For the last two, can these be fixed? Maybe just need a new example from the same pattern.

cthoyt commented 2 years ago

@egonw these are the ones that aren’t complete

DeniseSl22 commented 2 years ago

@mkutmon @Finterly : could you please check these databases, if they're used in any GPML?

DeniseSl22 commented 2 years ago

And @tabbassidaloii : could you check if the databases above are part of our new BridgeDb mapping files?

tabbassidaloii commented 2 years ago

We have mapping files for Arabidopsis thaliana (At), Zea mays (Zm), Oryza sativa japonica (Oj), and Oryza sativa indica (Oi).

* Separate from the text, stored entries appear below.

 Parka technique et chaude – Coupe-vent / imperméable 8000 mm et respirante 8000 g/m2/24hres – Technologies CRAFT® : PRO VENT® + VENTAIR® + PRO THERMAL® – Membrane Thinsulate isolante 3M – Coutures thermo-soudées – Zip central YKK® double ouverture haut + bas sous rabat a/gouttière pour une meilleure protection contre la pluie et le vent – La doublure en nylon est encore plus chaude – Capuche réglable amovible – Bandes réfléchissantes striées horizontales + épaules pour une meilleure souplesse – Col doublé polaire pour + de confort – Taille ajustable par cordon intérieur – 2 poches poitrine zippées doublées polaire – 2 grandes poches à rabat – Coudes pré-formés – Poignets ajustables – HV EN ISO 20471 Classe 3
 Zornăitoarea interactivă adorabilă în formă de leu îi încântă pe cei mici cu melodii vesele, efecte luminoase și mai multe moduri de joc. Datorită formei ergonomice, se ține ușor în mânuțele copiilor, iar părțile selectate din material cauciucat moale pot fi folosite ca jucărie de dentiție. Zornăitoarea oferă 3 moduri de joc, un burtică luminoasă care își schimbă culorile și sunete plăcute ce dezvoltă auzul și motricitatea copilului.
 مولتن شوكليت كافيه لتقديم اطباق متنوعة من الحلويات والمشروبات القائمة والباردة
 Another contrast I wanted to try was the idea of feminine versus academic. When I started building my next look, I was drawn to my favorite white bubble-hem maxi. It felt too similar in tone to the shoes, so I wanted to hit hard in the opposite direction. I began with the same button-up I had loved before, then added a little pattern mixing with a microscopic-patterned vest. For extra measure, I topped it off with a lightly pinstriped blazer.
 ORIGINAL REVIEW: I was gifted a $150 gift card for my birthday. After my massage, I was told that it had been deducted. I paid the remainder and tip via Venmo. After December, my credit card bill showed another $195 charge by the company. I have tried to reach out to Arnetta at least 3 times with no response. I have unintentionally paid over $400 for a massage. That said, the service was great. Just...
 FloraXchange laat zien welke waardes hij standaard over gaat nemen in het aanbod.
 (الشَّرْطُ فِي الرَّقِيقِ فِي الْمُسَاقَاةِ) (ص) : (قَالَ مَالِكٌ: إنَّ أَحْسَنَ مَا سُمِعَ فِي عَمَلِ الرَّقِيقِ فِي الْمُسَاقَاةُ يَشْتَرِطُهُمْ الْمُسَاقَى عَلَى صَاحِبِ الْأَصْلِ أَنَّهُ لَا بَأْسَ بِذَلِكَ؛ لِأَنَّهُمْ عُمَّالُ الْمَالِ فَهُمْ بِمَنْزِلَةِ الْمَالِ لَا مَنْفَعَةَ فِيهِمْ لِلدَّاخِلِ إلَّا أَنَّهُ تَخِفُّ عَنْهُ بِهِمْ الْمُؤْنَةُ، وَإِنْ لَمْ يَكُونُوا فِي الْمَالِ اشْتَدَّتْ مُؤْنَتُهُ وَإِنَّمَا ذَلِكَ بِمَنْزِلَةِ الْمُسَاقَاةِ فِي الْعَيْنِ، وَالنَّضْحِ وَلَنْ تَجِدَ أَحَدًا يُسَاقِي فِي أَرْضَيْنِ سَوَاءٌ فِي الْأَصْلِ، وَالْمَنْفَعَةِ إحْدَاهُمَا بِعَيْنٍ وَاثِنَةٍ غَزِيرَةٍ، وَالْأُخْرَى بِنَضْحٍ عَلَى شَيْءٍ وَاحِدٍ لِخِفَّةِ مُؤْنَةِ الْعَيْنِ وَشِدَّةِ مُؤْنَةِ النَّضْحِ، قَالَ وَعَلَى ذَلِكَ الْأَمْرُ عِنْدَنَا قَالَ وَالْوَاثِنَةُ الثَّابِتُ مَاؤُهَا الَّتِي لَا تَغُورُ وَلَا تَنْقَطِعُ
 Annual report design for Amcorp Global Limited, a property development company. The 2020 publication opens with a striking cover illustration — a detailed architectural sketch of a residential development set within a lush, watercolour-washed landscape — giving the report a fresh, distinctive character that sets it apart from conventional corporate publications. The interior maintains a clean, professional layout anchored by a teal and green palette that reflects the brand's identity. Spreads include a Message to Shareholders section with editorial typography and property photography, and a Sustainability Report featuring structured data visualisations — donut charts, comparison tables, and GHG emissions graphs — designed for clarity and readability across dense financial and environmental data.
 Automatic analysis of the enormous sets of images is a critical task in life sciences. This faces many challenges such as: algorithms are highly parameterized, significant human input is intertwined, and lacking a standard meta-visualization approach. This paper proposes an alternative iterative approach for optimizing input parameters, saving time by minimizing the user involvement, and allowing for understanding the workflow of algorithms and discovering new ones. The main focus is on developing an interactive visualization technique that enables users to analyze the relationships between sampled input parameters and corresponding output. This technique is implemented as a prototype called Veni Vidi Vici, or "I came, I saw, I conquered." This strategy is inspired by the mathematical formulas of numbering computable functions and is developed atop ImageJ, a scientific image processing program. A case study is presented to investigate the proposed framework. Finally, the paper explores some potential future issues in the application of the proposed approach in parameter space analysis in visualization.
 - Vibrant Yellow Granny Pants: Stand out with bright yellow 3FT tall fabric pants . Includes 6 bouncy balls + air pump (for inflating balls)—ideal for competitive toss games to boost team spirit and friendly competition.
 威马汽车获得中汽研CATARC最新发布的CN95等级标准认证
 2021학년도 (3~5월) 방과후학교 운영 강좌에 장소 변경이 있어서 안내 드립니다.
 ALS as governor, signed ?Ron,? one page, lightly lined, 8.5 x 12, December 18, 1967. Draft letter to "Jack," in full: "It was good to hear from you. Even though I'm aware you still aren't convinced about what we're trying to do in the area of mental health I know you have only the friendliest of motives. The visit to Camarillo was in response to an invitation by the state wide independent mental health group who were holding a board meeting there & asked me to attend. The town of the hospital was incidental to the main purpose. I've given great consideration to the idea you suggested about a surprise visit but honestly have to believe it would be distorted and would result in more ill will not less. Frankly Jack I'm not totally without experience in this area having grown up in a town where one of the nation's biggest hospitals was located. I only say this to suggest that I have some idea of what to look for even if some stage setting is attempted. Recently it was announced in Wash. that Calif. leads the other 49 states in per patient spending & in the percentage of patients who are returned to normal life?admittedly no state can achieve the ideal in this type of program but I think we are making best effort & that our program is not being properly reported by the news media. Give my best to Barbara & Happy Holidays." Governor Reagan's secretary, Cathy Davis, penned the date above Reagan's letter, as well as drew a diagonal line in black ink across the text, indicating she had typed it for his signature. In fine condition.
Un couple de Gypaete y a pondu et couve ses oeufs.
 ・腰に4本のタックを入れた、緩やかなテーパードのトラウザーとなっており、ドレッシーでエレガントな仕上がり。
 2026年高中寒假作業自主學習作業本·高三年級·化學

egonw commented 1 year ago

We have mapping files for Arabidopsis thaliana (At), Zea mays (Zm), Oryza sativa japonica (Oj), and Oryza sativa indica (Oi).

@tabbassidaloii, but do we have mappings on those to Gramene?

Chris-Evelo commented 1 year ago

FWIW I think these pathways were created by the Gramene team at the time.

tabbassidaloii commented 1 year ago

Gramene

@egonw No, we don't. Not sure if BioMart provides it.